Background
Incidental thyroid findings (ITFs) are increasingly detected on imaging performed for non-thyroid indications. Their growing prevalence and subsequent clinical implications remain poorly understood, raising concerns about overdiagnosis and unnecessary interventions. This study leverages artificial intelligence to systematically analyze radiology reports and assess the epidemiology and outcomes of ITFs.
Study Design
The retrospective cohort study included 115,683 adults without prior thyroid disease who underwent thyroid-capturing imaging at Mayo Clinic sites from July 1, 2017, to September 30, 2023. A transformer-based natural language processing (NLP) pipeline identified ITFs and extracted nodule characteristics from radiology reports across multiple imaging modalities.
Key Findings
Among the study population (mean age 56.8 years, 52.9% women), 7.8% had an ITF, with 92.9% being nodular. ITFs were more common in women, older adults, those with higher BMI, and in imaging ordered by non-Emergency Medicine specialties. Neck CT, PET, and nuclear medicine scans were more likely to detect ITFs compared to chest CT. Nodule characteristics were poorly documented, with size reported in only 44% of cases. Patients with ITFs had significantly higher odds of subsequent thyroid nodule diagnosis (OR 45), biopsy (OR 46.8), thyroidectomy (OR 55.8), and thyroid cancer diagnosis (OR 61.7).
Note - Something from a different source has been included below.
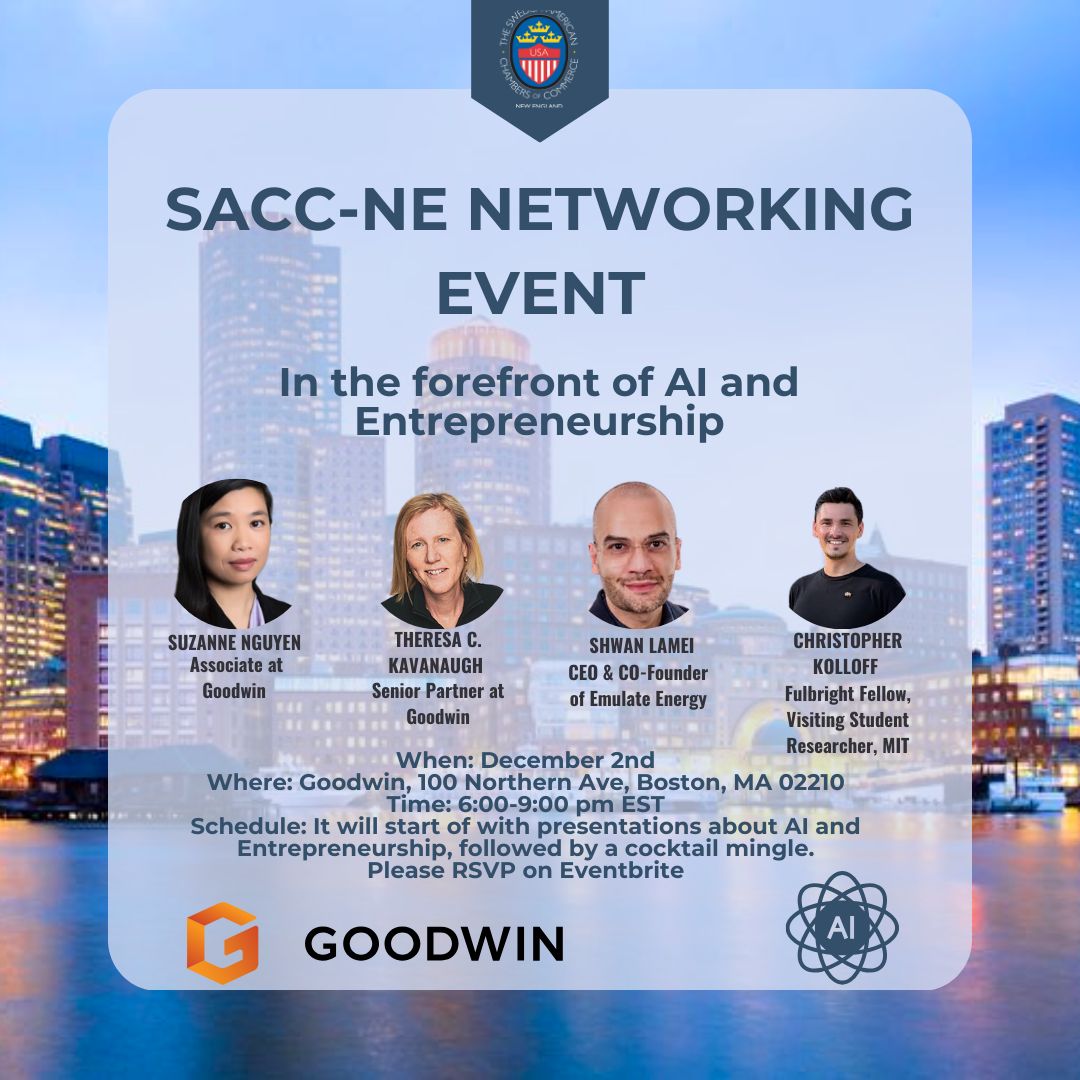 We are excited to share an invitation from the Swedish-American Chamber of Commerce - New England for their upcoming Networking Event together with Goodwin on December 2nd at Goodwin’s stunning office in Seaport, Boston. There will be beverages, food, and snacks to enjoy.

Most cancers were papillary thyroid carcinomas, larger when detected after ITFs (2 cm vs 1.3 cm).
Expert Commentary
This study provides compelling evidence that incidental thyroid findings frequently trigger diagnostic cascades leading to the detection of small, low-risk cancers. The findings underscore the potential for overdiagnosis and highlight the need for standardized reporting and more selective follow-up protocols for ITFs.
Conclusion
The AI-enabled analysis demonstrates that incidental thyroid findings are common and strongly associated with clinical cascades. These results call for a re-evaluation of current management approaches to minimize unnecessary interventions while ensuring appropriate diagnosis of clinically significant thyroid pathology.